この場に審神者がいたら絶叫と悲鳴が響き渡っていただろう。
「・・・兄上殿、その・・・主殿は昔からそうだったのでしょうか」
半分頭を抱えたような状態で蜻蛉切が聞けば、一哉からはそうだな、と返事が返ってくる。
「まあ上4人全員男に囲まれてたからな。それに加えて特技がプロレス技中心の格闘技だぜ?女らしくとか無理だろ」
先日のお風呂場事件で蜻蛉切に言われるまでバスタオル一枚の主を放置していた前科があるので何も言えない。
「ま、アイツのフォローはよろしく頼むよ。俺ができるのはアイツの心を一度叩き折ってへこませとくことぐらいだしな」
それが、この兄妹の絆なのだろう。
そして審神者もそれを分かっているからこの場から離れたのだ。
はっはっは、と笑い声を残して一哉は去って行った。

そうして、彼らの初めての演練は敗北で終わった。



「いつこ殿、お顔を見せていただいても?」
階段に座り込み、膝に顔を埋めていた審神者の頭上から声が降ってくる。
「あ、ああ。うん」
兄貴の所の石切丸か、と顔を上げると苦笑を浮かべた彼と目が合う。
「我が主も人が悪い。女人の顔を殴るなどと。痣になっています」
「ああ、それは別に・・・実家じゃ取っ組み合いのケンカとかよくやってたし」
気にしないで、と手当てを受けながら審神者はへにゃりと崩れた笑みを浮かべる。
よくあるケンカなんかしょっちゅうだった。だから頬の痛みは別に何ともない。
それよりも痛いのは兄に言われた言葉。
見えなかった、きちんと見られなかった。
審神者歴半年ちょっとのひよっこが10年以上の男に勝つ等は到底不可能だろう。
それでも

『引き際も覚えろ』

無茶させていたかもしれない。
「・・・いつこ殿は本当に我々刀剣をよく見ているようだ」
石切丸がふっと微笑む。
「我が主はいつも「俺の妹なら最高の審神者になれる!」と言ってますからね」
酒宴の席でですが、と石切丸は続ける。
「・・・酔っ払いじゃん」
鼻をすすって、目元をこする。
「それでは我々はこれにて失礼します。

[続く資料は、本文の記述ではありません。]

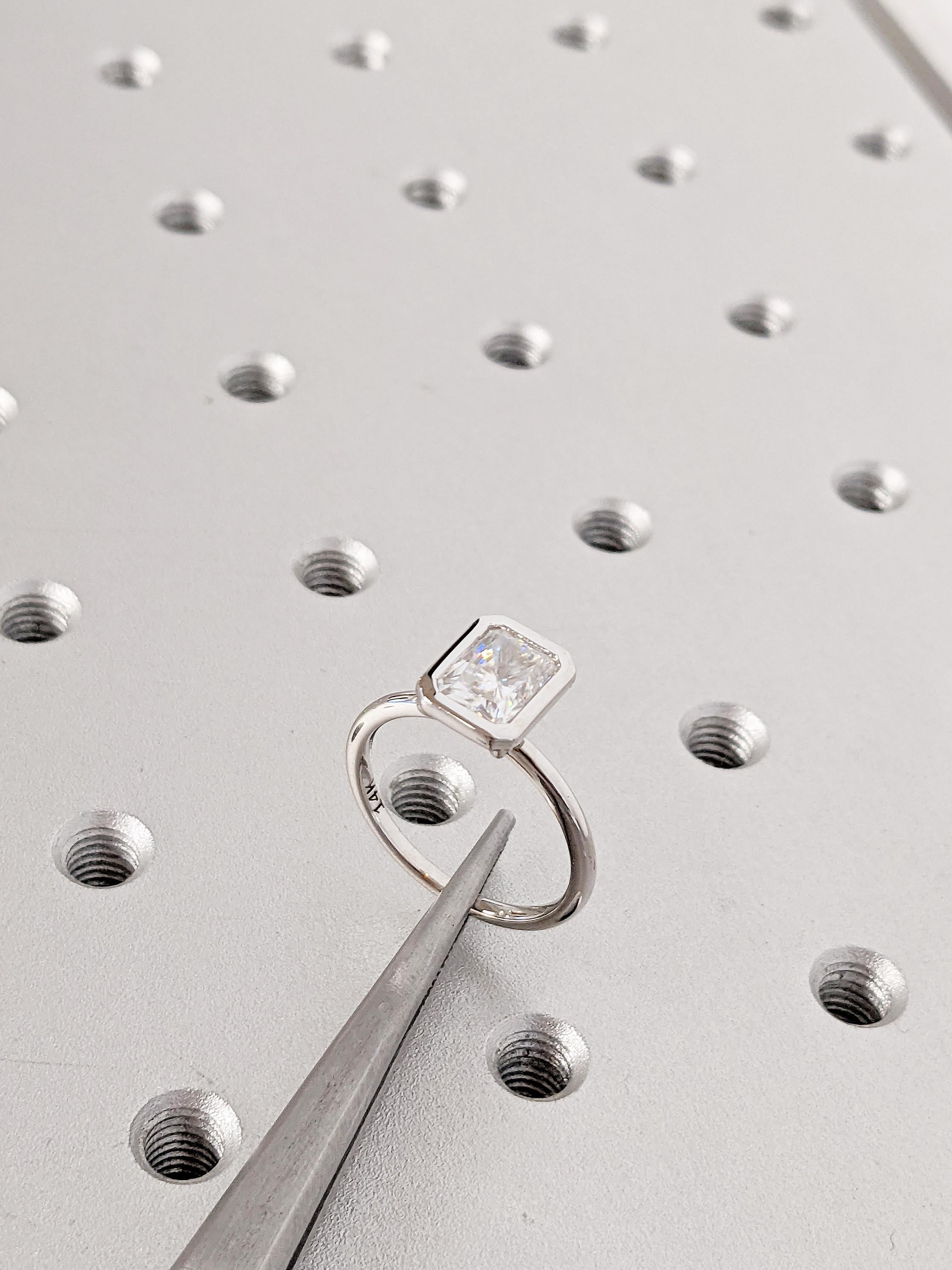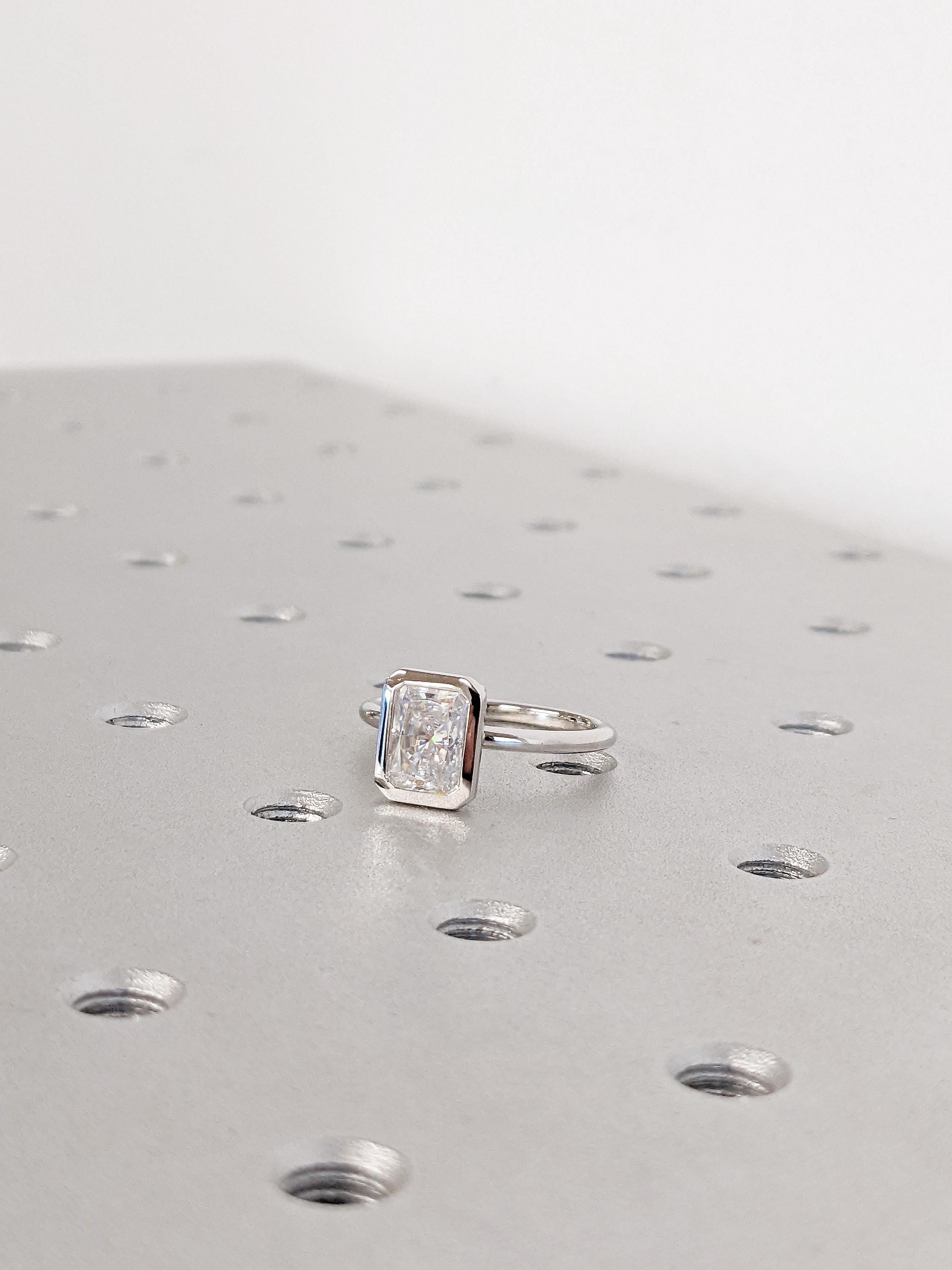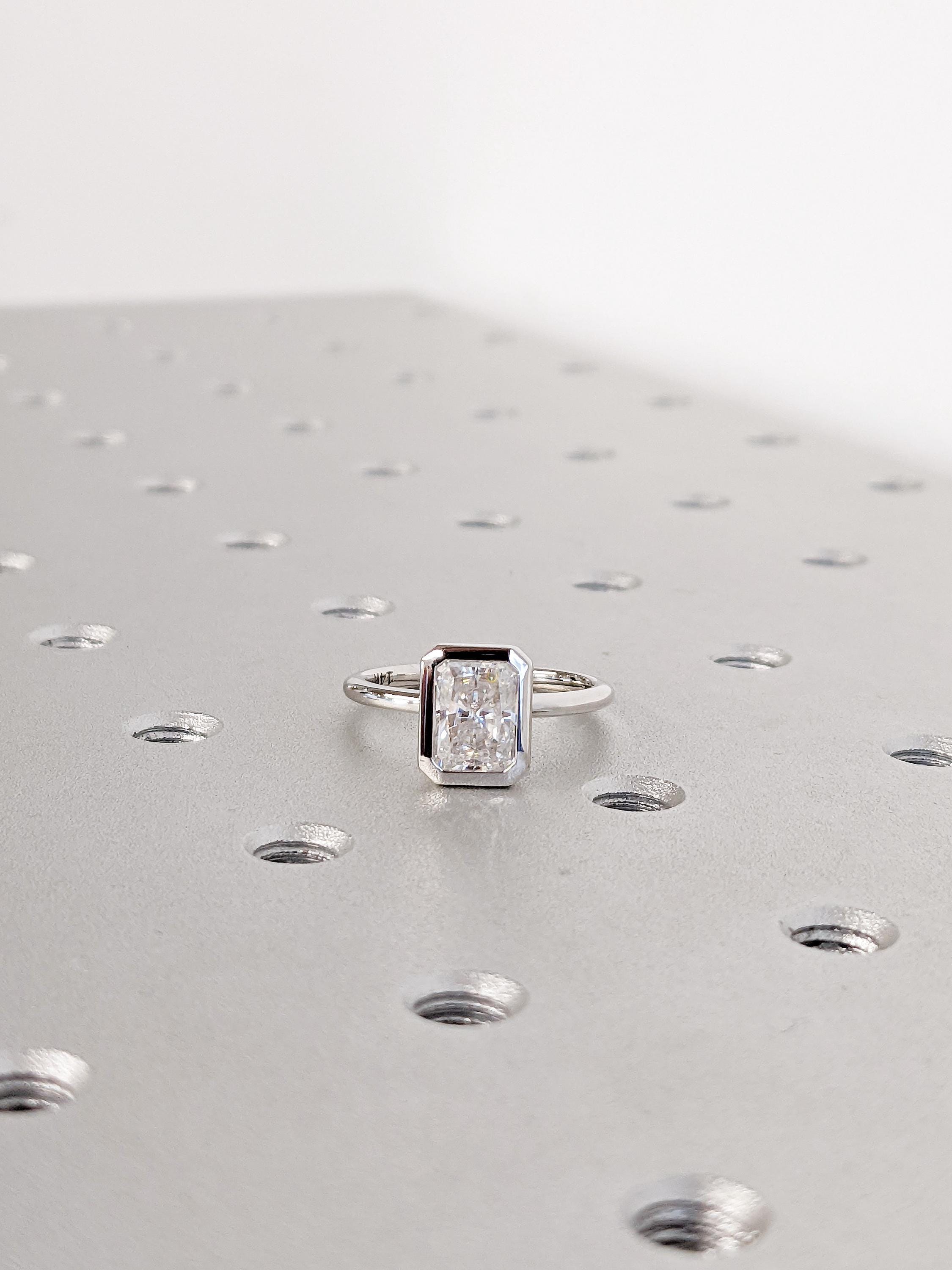 This Lab Grown Diamond engagement ring with radiant cut center stone in a sleek bezel setting creates a refined and modern look. The clean lines highlight the brilliance of the Diamond, offering elegance with durability. This timeless ring is a perfect choice for engagements, weddings, bridal jewelry, anniversaries, or as a sophisticated piece for everyday wear.

・・・またいつか、お手合わせお願いします」
「ありがとう、石切丸。次は・・・みんなだけじゃなくて私も成長してみせるから」
楽しみにしています、と石切丸は一礼して去っていく。

「・・・帰ろう」

審神者になったんだ。
人ではないけれど、人と同じように痛みを感じる刀剣たちと戦っているんだから。

その後「ごめんねー」などと軽い調子で戻ったところ頬のガーゼを見咎められ大騒ぎになった事だけ記載しておく。